AutoML in the Age of Pretrained Models

With the ever-growing sizes of models, the size and type of data used for training and the increasing need for large compute resources require a realignment of perspectives for AutoML. Given the impressive performance of large pretrained models, lack of easy access to compute and data for training them, and infeasible costs for hyperparameter tuning for training these pretrained models and fine-tuning them for downstream tasks, requires a realignment of perspective on AutoML.

This presents 2 broad directions of interfacing AutoML and large model training.

AutoML for Pretrained models

Under this view, we look at leveraging existing or developing new methods for efficient HPO:

  • ZAP-HPO: Meta-learns over a meta dataset of pretrained models with their fine-tuning hyperparameters for zero-shot hyperparameter prediction on an unseen test task.
  • PriorBand: Allows expert prior interface to HyperBand for efficient, robust multi-fidelity HPO under short compute budgets.

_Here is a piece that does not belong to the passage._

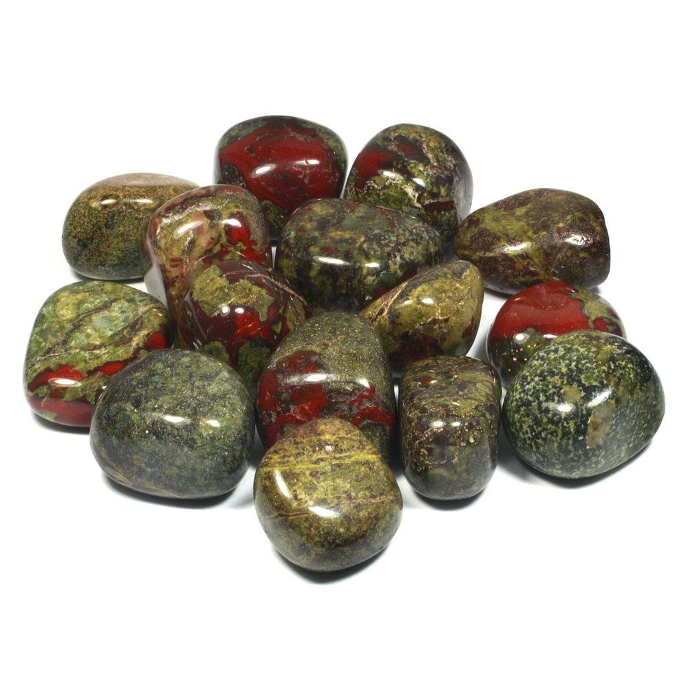 These Dragon's Blood Jasper Tumblestones display an amazing range of natural colours and patterns with deep red tones joined with a combination of forest green hues. Legend states that the stone is the remains of deceased ancient dragons - the green being the skin and the red the blood.

Pretrained models for AutoML

We also look at leveraging the strong performance of pretrained models for various downstream applications in AutoML:

  • LC-PFN: Uses a transformer pretrained on synthetic data for a Bayesian Learning Curve Exptrapolation applied for early stopping in multi-fidelity HPO.
  • CAAFE: We use automated prompting with GPT-4 for feature engineering on tabular datasets. We tell GPT-4 about a tabular dataset and ask it what operations it would perform on the dataset before feeding it to a standard ML algorithm. We build a loop out of this, feeding back the change in cross-validation performance of the last operation performed. CAAFE comes up with very interesting approaches to improve performance, e.g. it splits string attributes into multiple categorical features with lower cardinality or bins ages into relevant subgroups.